Southern states are starting to get very vocal over hemp, led of course by Kentucky. North Carolina would be just as ideal a place to cultivate hemp, replacing the ubiquitous tobacco and cotton, saving water and creating jobs to boot. All states will need the federal approval even if they do vote to make it legal, and that is in the works with the petition at www.minawear.com/about-us/ - please take a moment to sign so your state can profit!
Jeff Danner of NC posted earlier this month on Common Science the following thoughts:
"Hemp, George Washington Grew It"
| With all of the critical economic and environmental challenges we face in the world and in North Carolina today, we no longer have the luxury of tolerating the foolish, inefficient and unnecessary ban of growing industrial hemp. Before everyone gets all excited, this is not a marijuana legalization column. Hemp consists of a family of strains. Strains of hemp which are useful in industrial applications contain 30 to 50 times less of the “active” ingredient, tetrahydrocannabinol (THC), than strains grown for “recreational” use.|
Hemp has a long and rather glorious history. Its cultivation began 12,000 years ago in China, making it among the first plants domesticated by humans. Hemp rope and sails were used in the great sailing vessels of the Age of Exploration of the 1500s. In 1619, the Virginia House of Burgesses passed a statute requiring all farms in the colony to plant hemp. George Washington grew hemp at Mount Vernon, and the original Levi’s blue jeans were made from hemp. North Carolina was once among the top hemp producing areas in the country.
Hemp is a remarkable plant. It grows very rapidly. It enriches the soil it’s grown in with nitrogen making it an ideal plant for crop rotations. Hemp is also very effective in removing excess nutrients from the soil, which prevents them from reaching local waterways and causing damaging algae blooms. The soil cleaning properties of hemp could be of great use in remediating North Carolina’s hog waste lagoons.
Almost every part of the hemp plant can be converted into useful products. The fibers in the stalks can be used to make rope, paper, and textiles. The oil in the seeds can be used to make biofuel, biodegradable plastics, and a variety of health foods. The remaining parts of the hemp plant can be tilled into the soil as compost.
However, today there is no industrial hemp production in the U.S. What happened, you ask? The short answer is the Marihuana Tax Act of 1937, which imposed a tax on hemp products regardless of end use or THC content.
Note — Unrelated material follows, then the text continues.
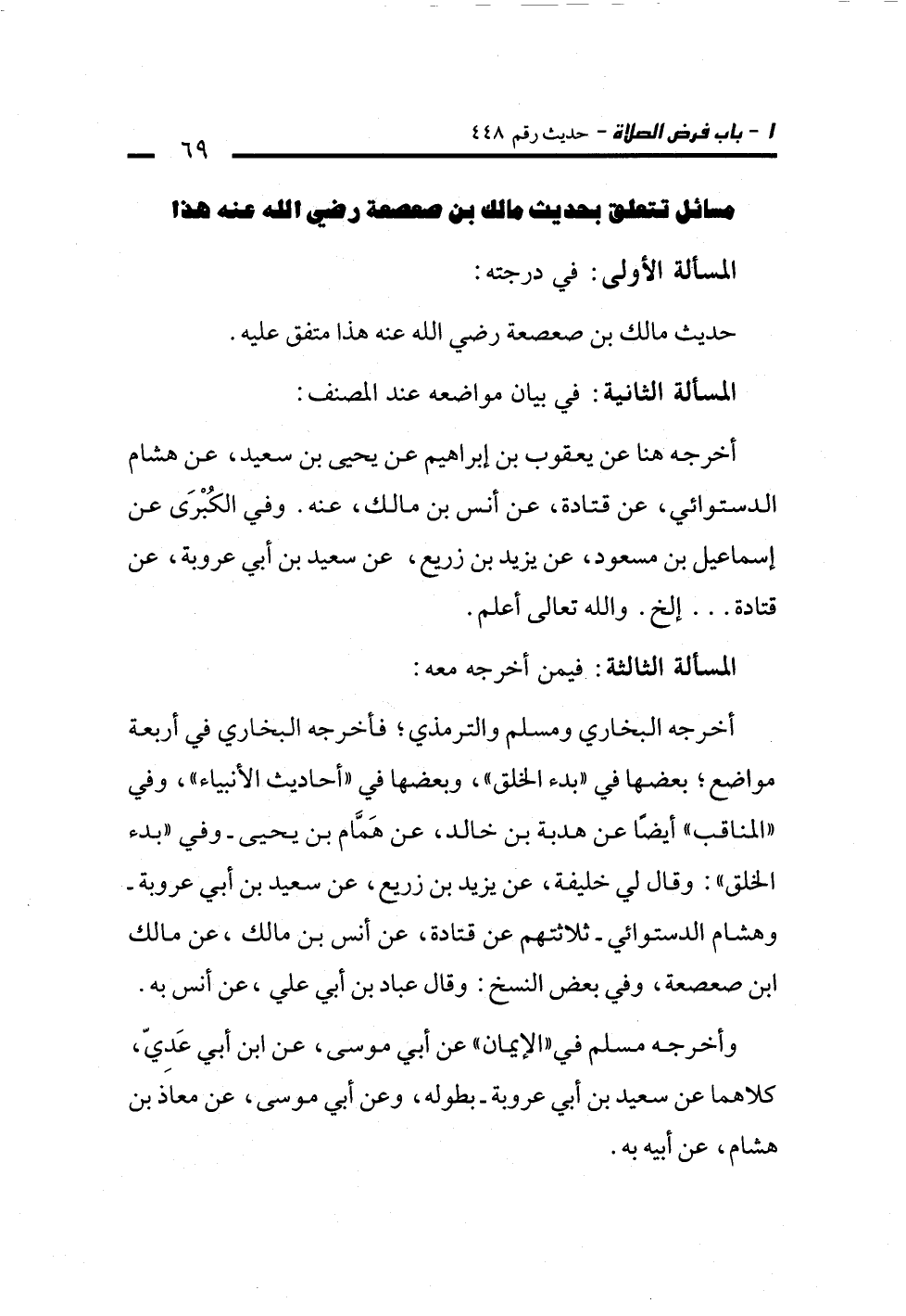 مسائل تتعلق بحديث مالك بن صعصعة رضي الله عنه هذا

The longer answer is complex and filled with intrigue involving two of the most famous families of the era, the Hearsts and the Mellons. By the mid 1930s, William Randolph Hearst had become fabulously wealthy through his newspaper empire. To maximize his profits and to secure his supply of newsprint, he invested in millions of acres of timber. At the same time, as I explained in “The Lesson of Nylon”, DuPont Chemical, in which the Mellon family where heavily invested, introduced synthetic fibers into the textile industry. Just about this time, several key advancements were made in both hemp farming and processing which may have allowed it to compete favorably with timber and nylon. As the legend goes, the Hearsts and Mellons felt sufficiently threatened by these developments to use their influence to “encourage” the U.S. congress to tax hemp. By the mid 1950’s industrial hemp production in the U.S. had ceased.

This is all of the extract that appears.